Reproduce, without alteration, every line of the data; exclude the images.
-*-*-
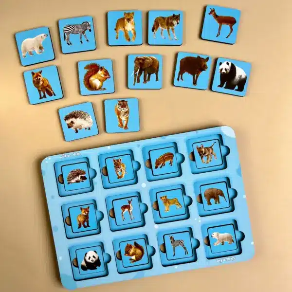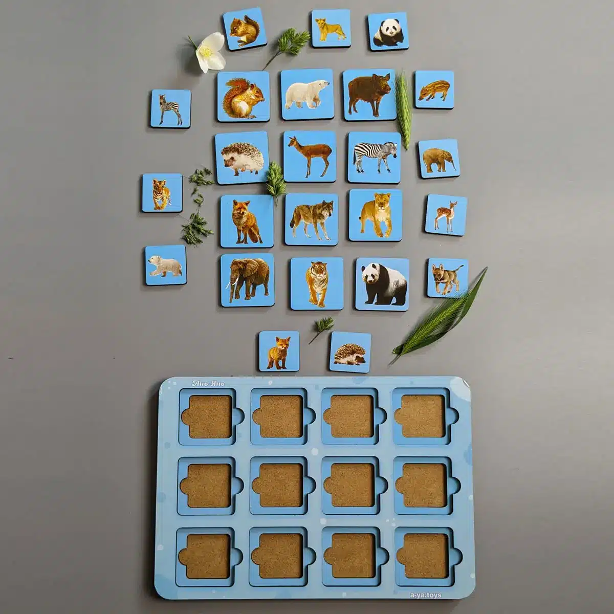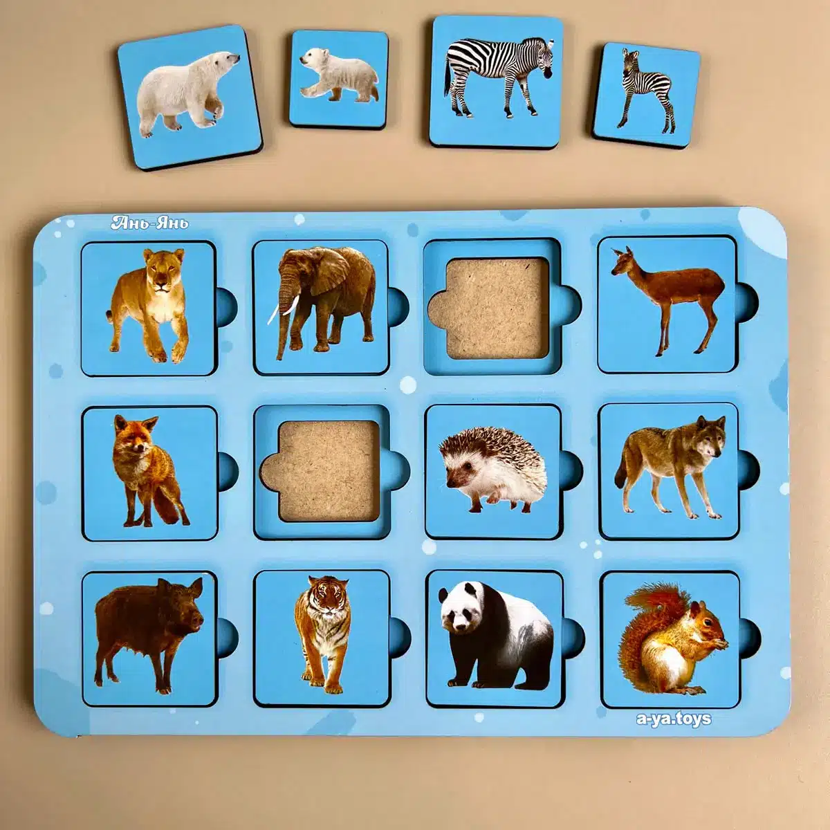 🐾 Pred dieťaťom je pár: matka a mláďa. Známe divoké zvieratá v realistických obrázkoch pomáhajú pochopiť, ako vyzerajú dospelé jedince a mláďatá, kto komu patrí. Dieťa vidí zebru a malé pruhované žriebä, líšku a líščie mláďa, veveričku a veveričku – a učí sa pozorovať, porovnávať a zoskupovať.
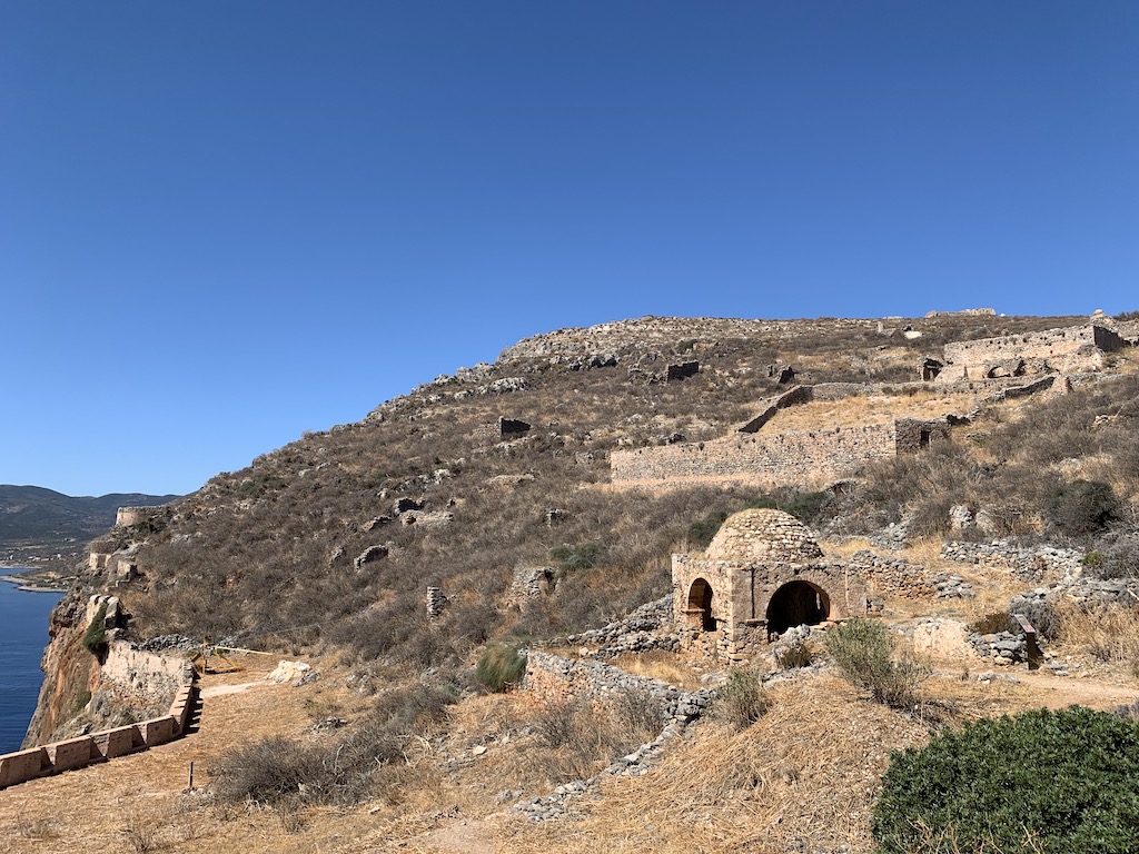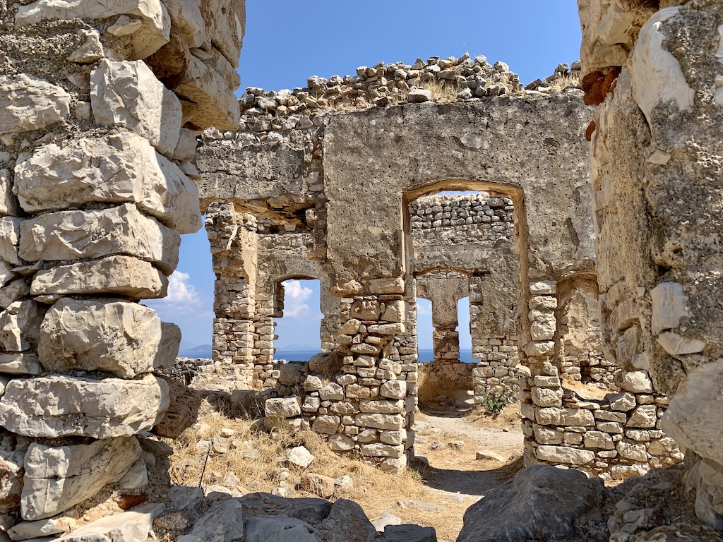 Nach dem Mittagsessen machten wir einen Spaziergang am Leuchtturm und der kleinen Kapelle vorbei bis hoch zum „Castle of Paralio Astros“. Hier gab es ausser den Aussenmauern nicht mehr sehr viel zu bestaunen, nur vereinzelte Überreste von ein paar Häusern, die noch nicht zusammengefallen sind.
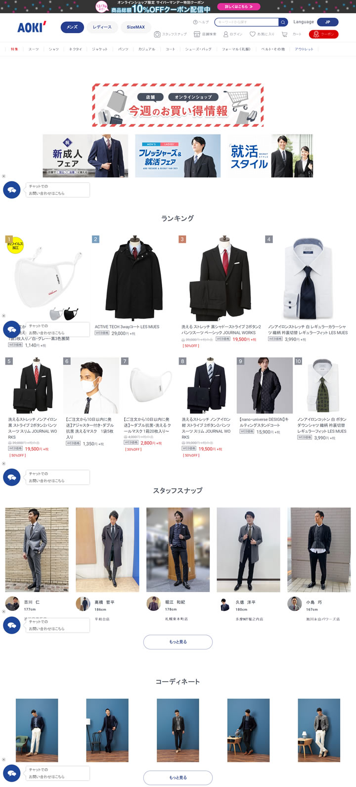 您的造型師店“ AOKI” – 從男士、女士的商務服裝到休閑、正式服裝都很齊全。
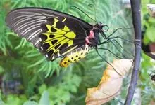 金裳凤蝶是凤蝶科、裳凤蝶属的动物。金裳凤蝶身体呈黑色,头、颈和胸侧有红毛,腹部有黑黄两色相间条纹,雄蝶前翅黑色,具黑天鹅绒光泽,各脉两侧灰白色,后翅金黄色,各室外缘有等腰三角形黑斑1枚,斑内侧有晕,…全部>>
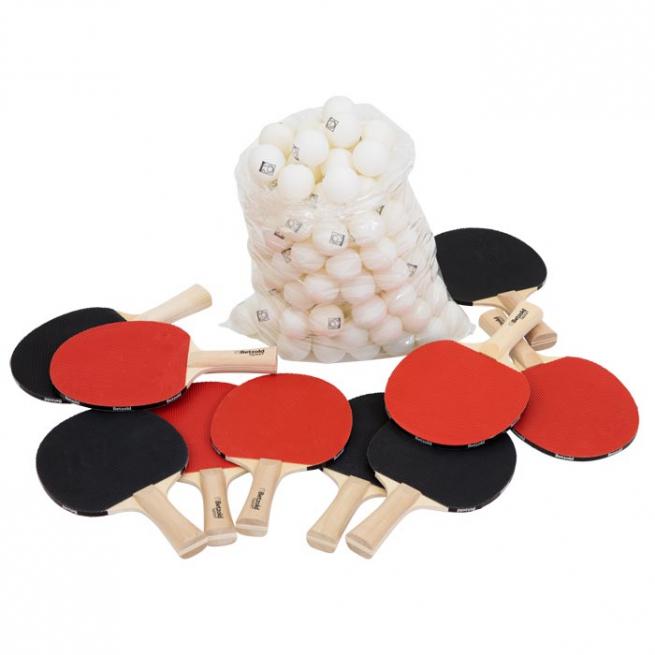 10 Schläger mit Gummibelag und Holzgriff144 weiße Kunststoffbälle
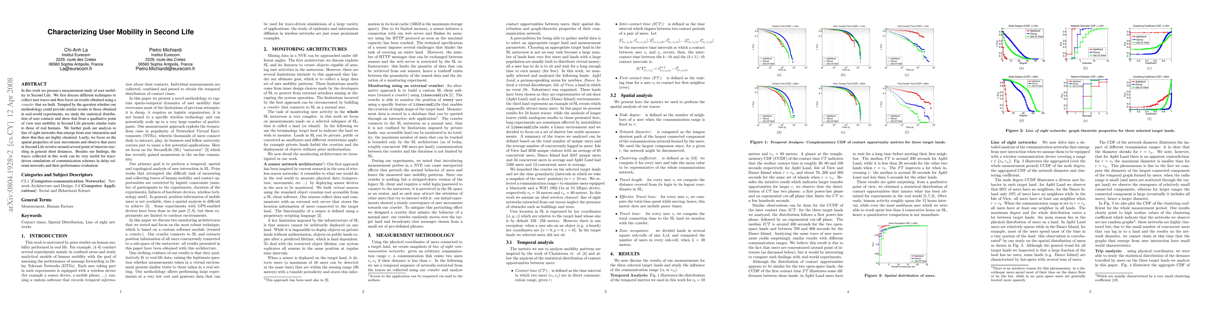 Researchers studied user mobility in Second Life, finding that users' movements resemble those of real humans, with clusters forming around point of interests and short distances traveled.
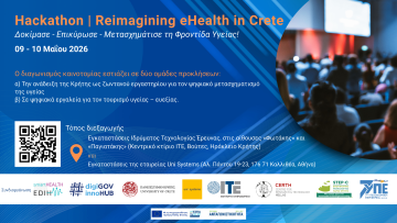 Με την υποστήριξη του Κόμβου Καινοτομίας για την Ψηφιακή Διακυβέρνηση GR digiGOV-innoHUB 9-10 Μαΐου 2026Διεξαγωγή:… Περισσότερα »HACKATHON “Reimagining eHealth in Crete”: Δηλώστε Συμμετοχή!
-*-*-
### RESPONSE AREA
 🐾 Pred dieťaťom je pár: matka a mláďa. Známe divoké zvieratá v realistických obrázkoch pomáhajú pochopiť, ako vyzerajú dospelé jedince a mláďatá, kto komu patrí. Dieťa vidí zebru a malé pruhované žriebä, líšku a líščie mláďa, veveričku a veveričku – a učí sa pozorovať, porovnávať a zoskupovať.
 Nach dem Mittagsessen machten wir einen Spaziergang am Leuchtturm und der kleinen Kapelle vorbei bis hoch zum „Castle of Paralio Astros“. Hier gab es ausser den Aussenmauern nicht mehr sehr viel zu bestaunen, nur vereinzelte Überreste von ein paar Häusern, die noch nicht zusammengefallen sind.
 您的造型師店“ AOKI” – 從男士、女士的商務服裝到休閑、正式服裝都很齊全。
 金裳凤蝶是凤蝶科、裳凤蝶属的动物。金裳凤蝶身体呈黑色,头、颈和胸侧有红毛,腹部有黑黄两色相间条纹,雄蝶前翅黑色,具黑天鹅绒光泽,各脉两侧灰白色,后翅金黄色,各室外缘有等腰三角形黑斑1枚,斑内侧有晕,…全部>>
 10 Schläger mit Gummibelag und Holzgriff144 weiße Kunststoffbälle
 Researchers studied user mobility in Second Life, finding that users' movements resemble those of real humans, with clusters forming around point of interests and short distances traveled.
 Με την υποστήριξη του Κόμβου Καινοτομίας για την Ψηφιακή Διακυβέρνηση GR digiGOV-innoHUB 9-10 Μαΐου 2026Διεξαγωγή:… Περισσότερα »HACKATHON “Reimagining eHealth in Crete”: Δηλώστε Συμμετοχή!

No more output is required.